On 21.09.2012, 11:47 Strainu wrote:
2012/9/21 Tim Starling tstarling@wikimedia.org:
On 21/09/12 16:06, Strainu wrote:
I'm just curious: would LUA improve memory usages in this use case?
Yes, it's an interesting question.
I tried converting that template with 37000 switch cases to a Lua array. Lua used 6.5MB for the chunk and then another 2.4MB to execute it, so 8.9MB in total compared to 47MB for wikitext. So it's an improvement, but we limit Lua memory to 50MB and you would hit that limit long before you loaded 15 such arrays.

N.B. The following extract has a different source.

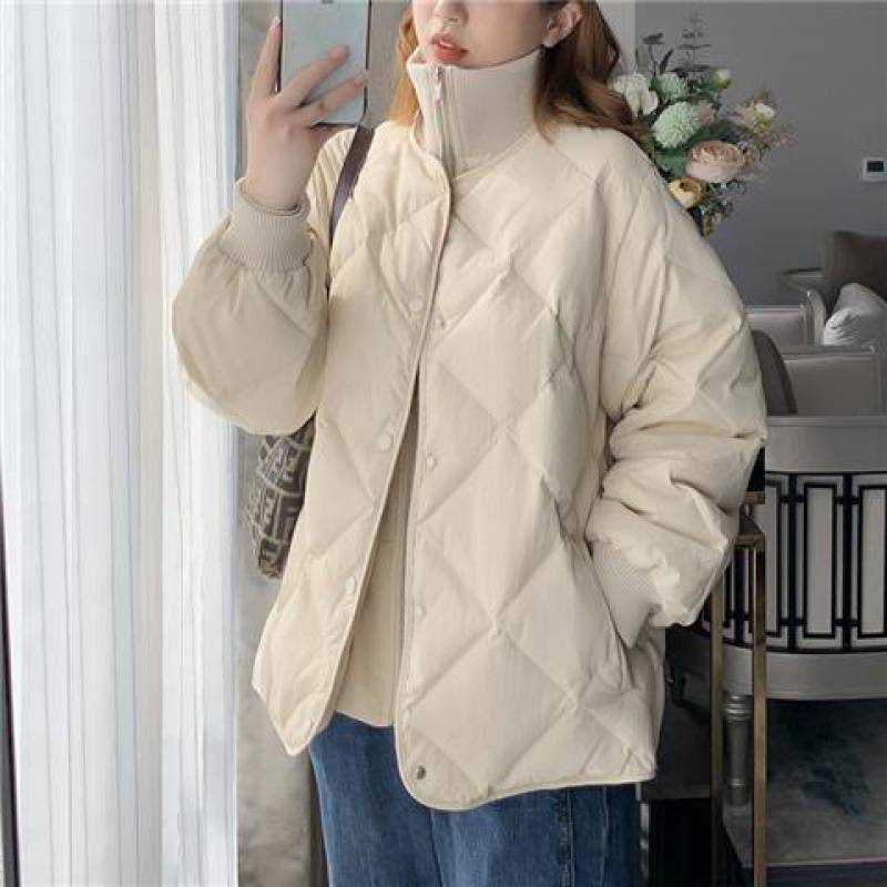 Korean style western style stitching loose down jacket women’s small Winter new lightweight short thickened white duck down jacket

I'm not sure on how the Lua code would look like, but perhaps you can tweak the loading of Lua templates so that you don't load the same code more than once? I'm totally oblivious on how MediaWiki (or is it PHP?) is linked to Lua right now, but I'm thinking along the lines of a C program which loads a library once, then can use it many times over.
And what if a page is related to France, Germany and other European countries at once? Loading this information just once isn't helpful - it needs to load just what is needed, otherwise smart wikipedians will keep inventing creative ways to push the boundaries:)
With such an approach, you would have 6.5 + 15*2.4 = 42.5 MB of memory (assuming memory cannot be reused between calls).
It's still an O(N) solution. What we really want is to avoid loading the entire French census into memory every time someone wants to read an article about France.
Well, you said something about Wikidata. But even if the client Wiki would not need to load the full census, can it be avoided on Wikidata?
(Mumbles something about databases that don't store all information in one row and don't always read all the rows at once)